There are approximately 33 million smallholder farms in sub-Saharan Africa, representing 80% of the region’s farms. Climate change has increasingly been highlighted as a major threat to smallholder production and food security, both globally and at the local scale. Events such as droughts, floods and changing pest and disease outbreaks affect crop yields, as well the storage, transport and consumption of foodstuffs. Although smallholder farmers are adapting to these challenges, changing the ways in which they plant, manage, harvest and store their produce, little is known about the ways in which their adaptations intersect with other food related challenges, including the links between farmer adaptation practices, exposure to toxic chemicals like mycotoxins, and malnutrition outcomes.

Sustainable Development Goal (SDG) #2 seeks to eliminate hunger and childhood malnutrition by 2030. Malnutrition (with a focus on undernutrition in this projects) accounts for 1/3 of deaths in children under age of 5 globally, mostly in Africa and Asia. The prevalence of malnutrition remains high, at up to 30-50% in countries like Tanzania and Nigeria, despite huge efforts and investments in trying to combat the condition in recent decades. Nutrient deficiency, recurrent infections due to poor sanitation, exposure to mycotoxins and lack of basic health care are identified as major contributors to child malnutrition.

Mycotoxins are produced by fungi frequently contaminating staple crops such as maize, wheat and nuts. Aflatoxins and fumonisins are two of the most common mycotoxins in Africa. They are of carcinogenic, growth inhibition and immune suppression effect, causing serious health and economic burdens due to the contamination of staple foods in Africa. Dietary exposure to mycotoxins in humans is primarily through consumption of contaminated crops. In addition to the fungi type and food matrix, climate conditions i.e. temperature and humidity are the key determinant of mycotoxin production. Mycotoxins can be produced before harvest while crops are in the fields, and post-harvest depending on how the crops are stored.

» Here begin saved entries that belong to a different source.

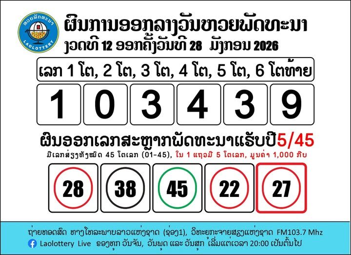 หวยลาววันนี้ งวดประจำวันที่ 28 มกราคม 2569 ผลหวยพัฒนาล่าสุด ตรวจรางวัล หวยลาว ออกอะไร
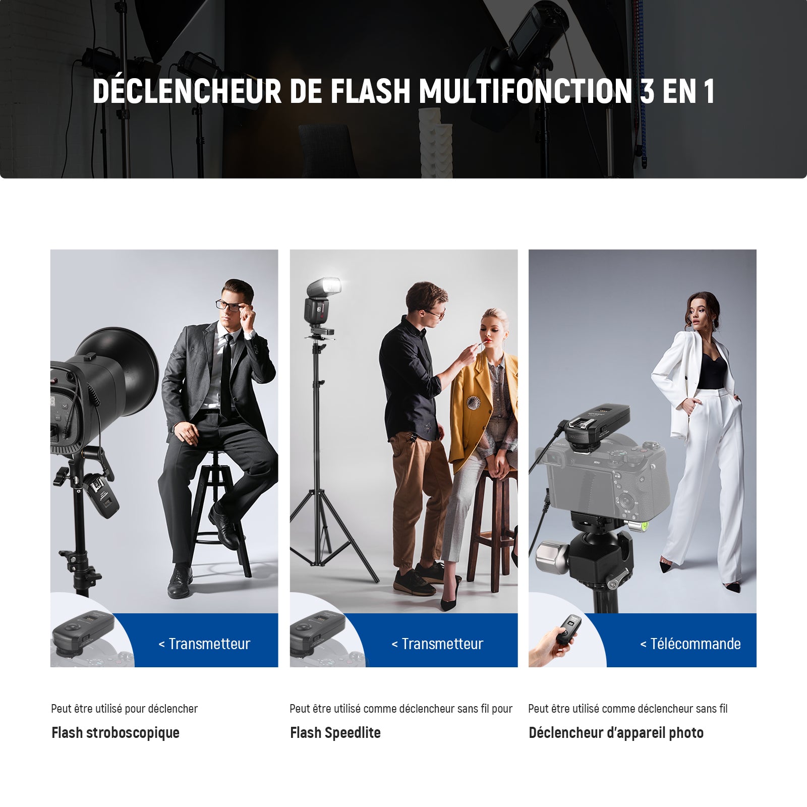 - Transmetteur de flash multifonction 3 en 1- Cet émetteur de déclenchement de flash à distance peut être utilisé comme (1) flash stroboscopique de studio à déclenchement synchrone sans fil, tel que le flash NEEWER S101-300W S101-400W S101-400W PRO Q300; (2) Il peut être utilisé comme flash Speedlite à déclenchement sans fil; (3) Il peut également être utilisé comme déclencheur d'appareil photo sans fil
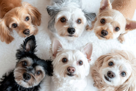 Top view photography of multiple dogs on a clean white background for a playful atmosphere
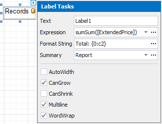 Back in the Label Tasks window, use the Format String property to format the summary’s value (for instance, set it to Total: {0:c2}).
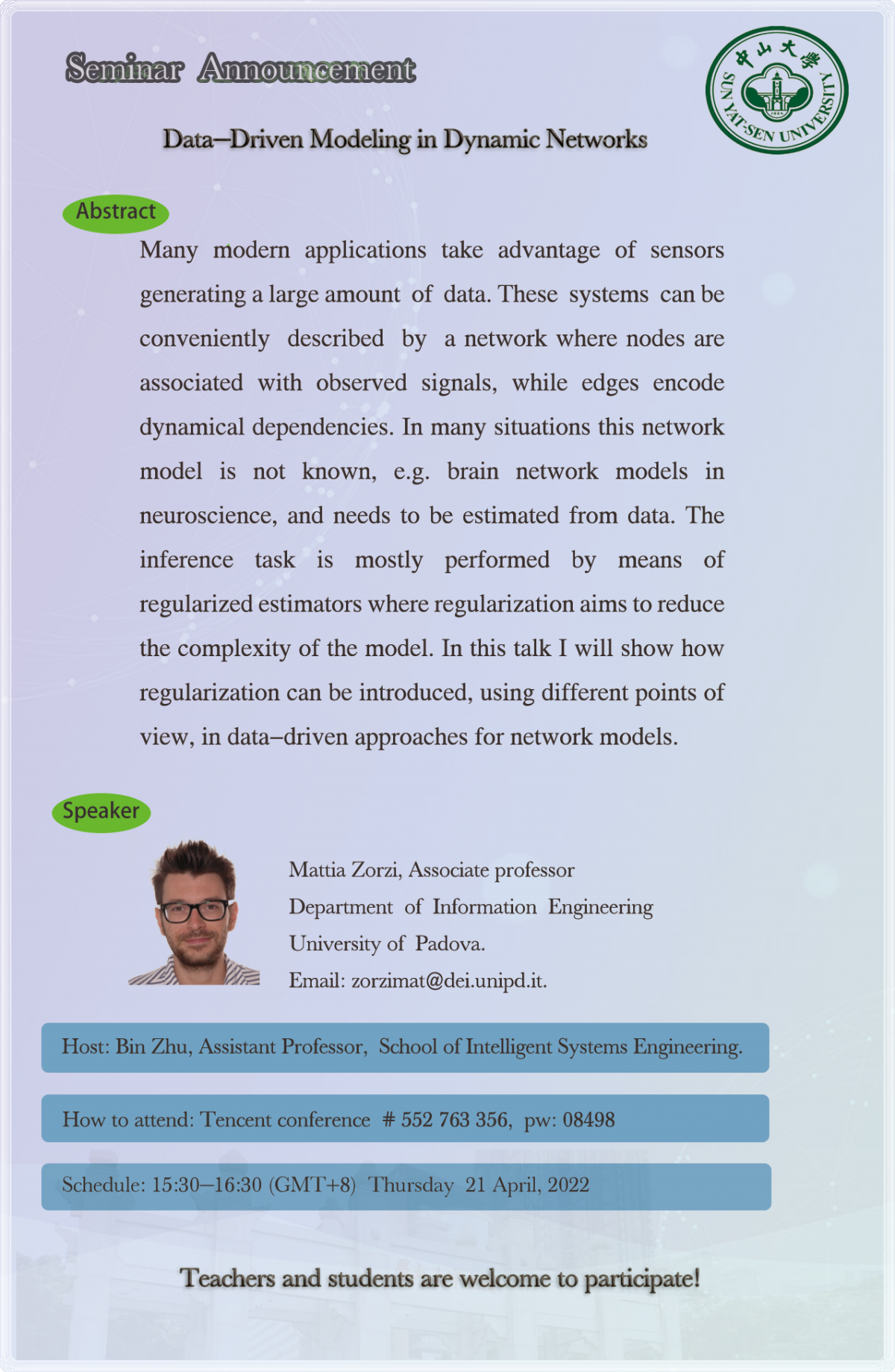 2022年4月21日星期四下午,意大利帕多瓦大学副教授Mattia Zorzi应邀,为我院师生举行了主题为“动态网络中的数据驱动建模”的学术讲座,讲座以视频会议的方式举行,由我院朱彬助理教授主持。

The ways in which the climate is changing, how farmers are adapting to the climate changes they are perceiving, and the implications of their adaptations for mycotoxin levels remain unclear, leaving an important knowledge gap. The aim of this project is therefore to identify how smallholder farmers’ adaptations to climate changes affect the production of mycotoxins and to assess the food safety and human nutrition risks this creates. Specific focus is placed on African children <5 years old.

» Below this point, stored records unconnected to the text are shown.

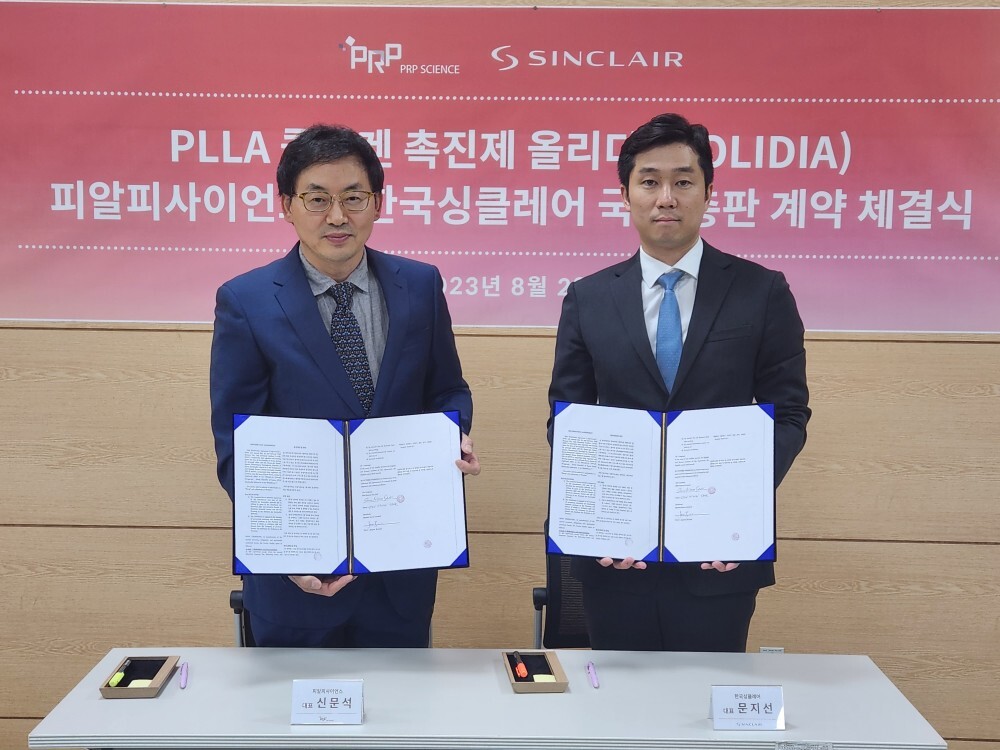싱클레어 코리아 문지선 대표와 PLLA 의료기기 제조 전문기업 피알피(PRP) 사이언스 신문석 대표는 최근 서울 송파구 싱클레어 본사에서 PLLA 콜라겐 촉진제 올리디아 국내 총판 계약을 체결했다.
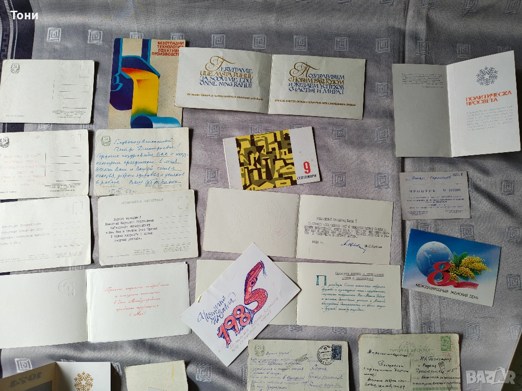 Колекция от оригинални социалистически поздравителни картички, основно от съветската епоха (СССР), но вероятно включващи и български издания. Колекцията е фокусирана върху емблематични празници и идеологически теми, характерни за периода между 1960-те и 1990-те години.
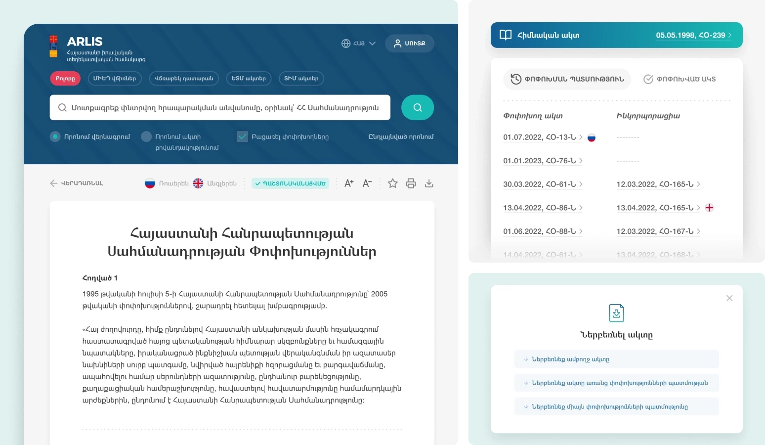 ARLIS is Armenia’s official government platform for publishing and maintaining legal acts and regulatory information.
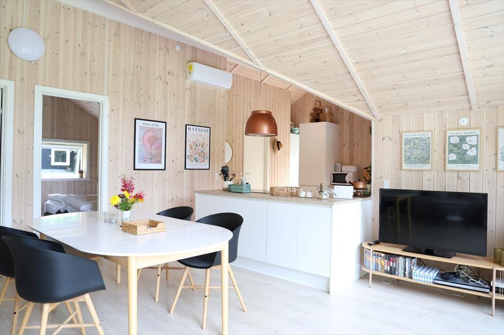 I sommerhuset fornemmer du hurtigt stemningen af dansk sommerhus. Der kan hygges med gode middage eller samtaler ved spisebordet, eller I kan nyde en stille aften i husets hjerterum, som er den dejlige stue. I køkkenet er der mulighed for, at I kan hjælpe hinanden med at tilberede en inspirerende frokost. I det skønne badeværelse kan det stærkt anbefales, at hoppe en tur i spabadet, måske kombineret med et glas champagne på kanten, som lidt ekstra forkælelse.
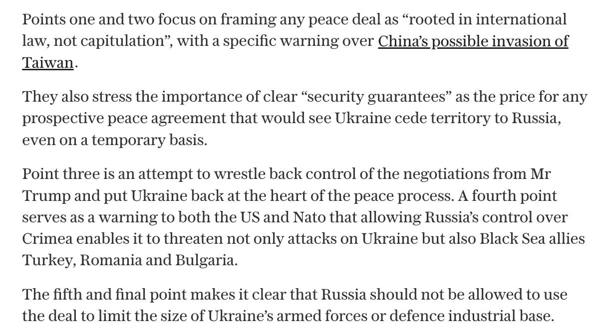 Третій пункт передбачає посилення контролю України над переговорами та повернення Києва в центр мирного процесу. Четвертий пункт спрямований на попередження США і НАТО, що визнання Росією контролю над Кримом створить загрозу не лише для України, але й для союзників по Чорному морю — Туреччини, Румунії та Болгарії.
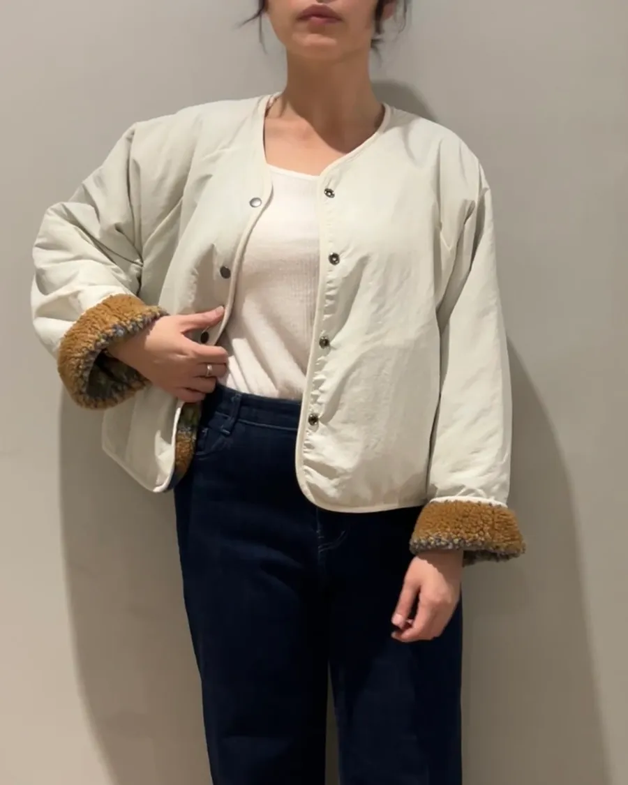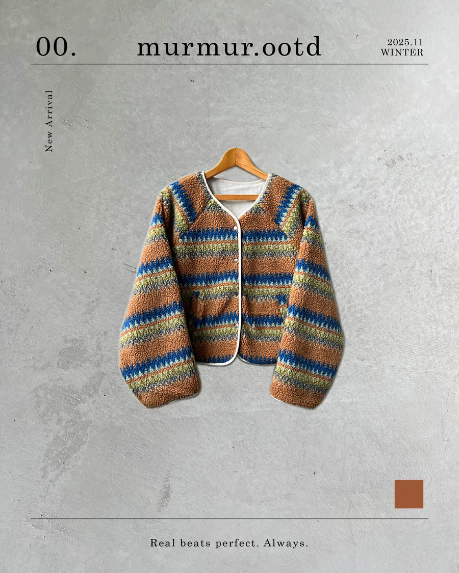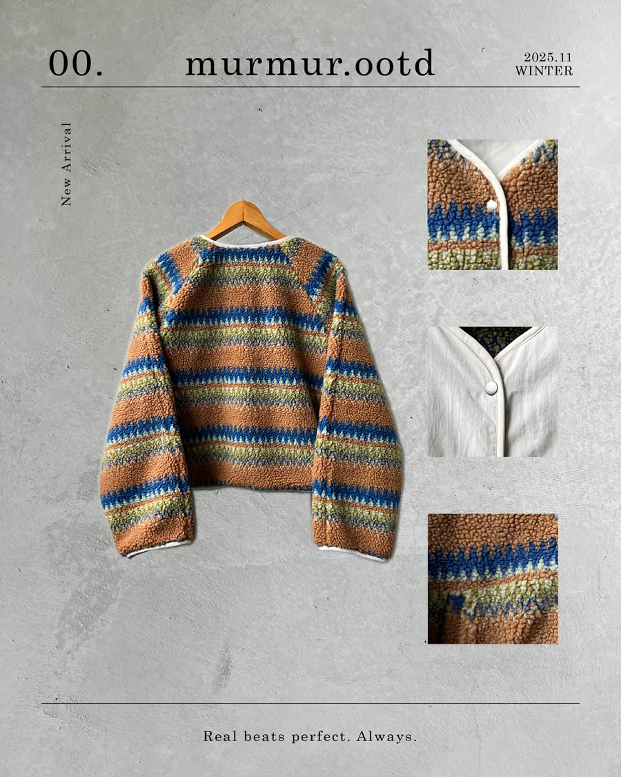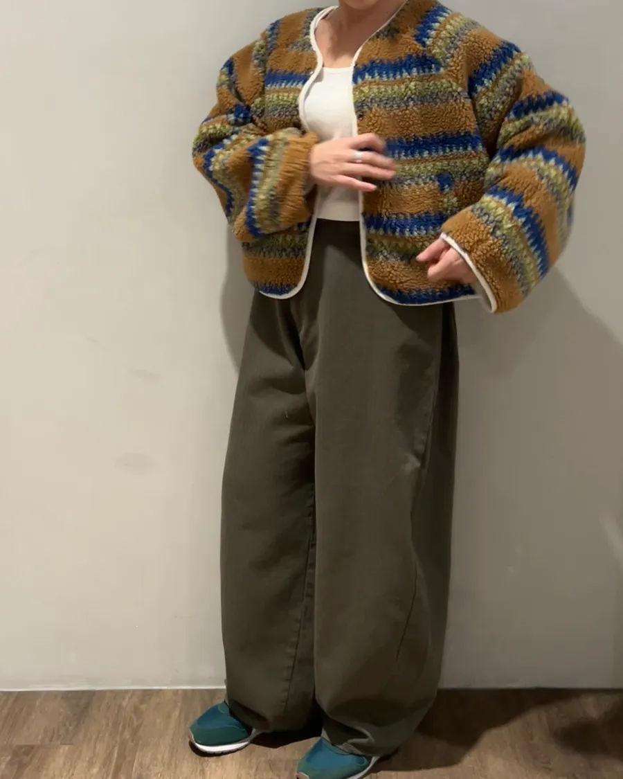 短版設計更顯修長,不過吸引我的還有特殊花樣搭配搖粒絨獨特顆粒感,說是印象派點描畫也不為過,而且隨你心情雙面皆可穿。

A mixed method approach is envisaged. The student will assess farmer adaptations, examining past, present and future practices considering planting, management, harvesting, storage and consumption. They will use methods such as oral histories, transect walks, participant observation and participatory scenario evaluation to explore how farmers perceive the climate to be changing and how they are changing their practices accordingly. Structured surveys will be constructed to record dietary diversity, a 24 h diet recall to record to the previous day’s consumption of food and nutrition intake, and exposure to mycotoxins, and general health of the children.

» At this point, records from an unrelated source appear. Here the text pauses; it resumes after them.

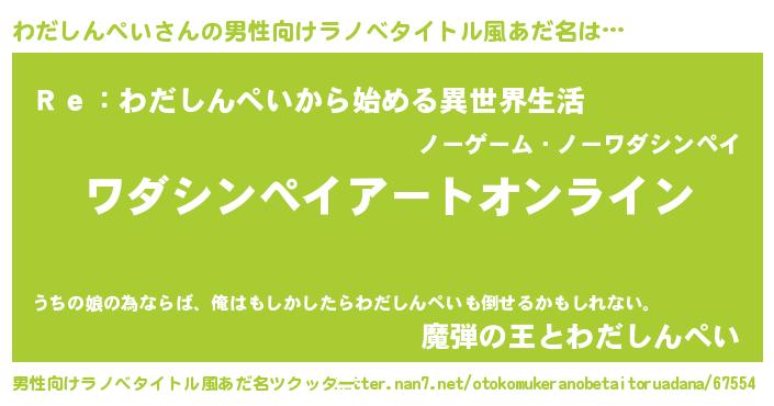| 胡散臭い通販商品みたいなあだ名 | 『億万長者になれる霊験あらたかなお札…その名も「わだしんぺい」』 |
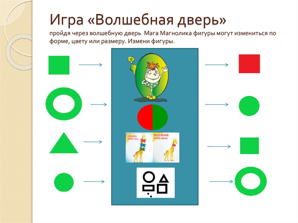 Игра «Волшебная дверь»пройдя через волшебную дверь Мага Магнолика фигуры могут измениться по
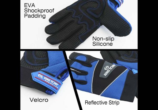 Wytrzymałe rękawice z antypoślizgowym silikonem zapewniającym doskonały chwyt. Wyściółka antywibracyjna EVA. Odblaskowe lamówki zapewniają bezpieczną pracę w ciemności. Elastyczny mankiet z rzepem zapewniający mocne dopasowanie. Długość rękawic: 247 mm, szerokość: 120 mm.
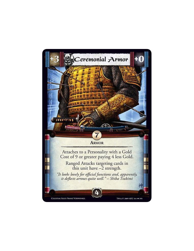 Ceremonial Armor (Español)  - Armor Attaches to a Personality with a Gold Cost of 9 or greater paying 4 less Gold. Ranged Attack
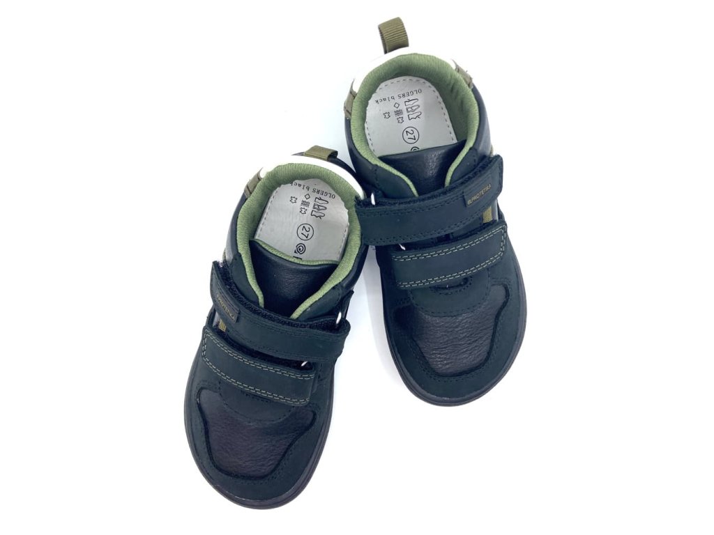 Protetika Olgers Black v čiernej farbe sú chlapčenské celoročné barefoot topánky . Zvršok tvorí hladká koža , podšívku priedušná textília . Topánky sadnú na normálne široké nôžky . Špička je dostatočne priestranná a vhodná pre dominantné palce. Podrážka je mäkká a ohybná , stielka má nášľapnú vrstvu z príjemnej kože . Nechýba ani praktická ochrana proti okopu.

Maize and maize food samples will be collected from households to measure mycotoxins and nutrition levels. The survey and sampling will take place at two varying time points to allow for assessment of the impact of seasonal climate difference and to allow sampling from both standing crops and post-harvest storage facilities. Further, previous food processing and cooking practices, and dietary habits of the past and present will be captured using the survey including a food frequency questionnaire (FFQ) for a period of 2, 5 and 10 years. This will allow for assessment of nutrition and food mycotoxin changes following smallholder farmers’ climate change adaptations.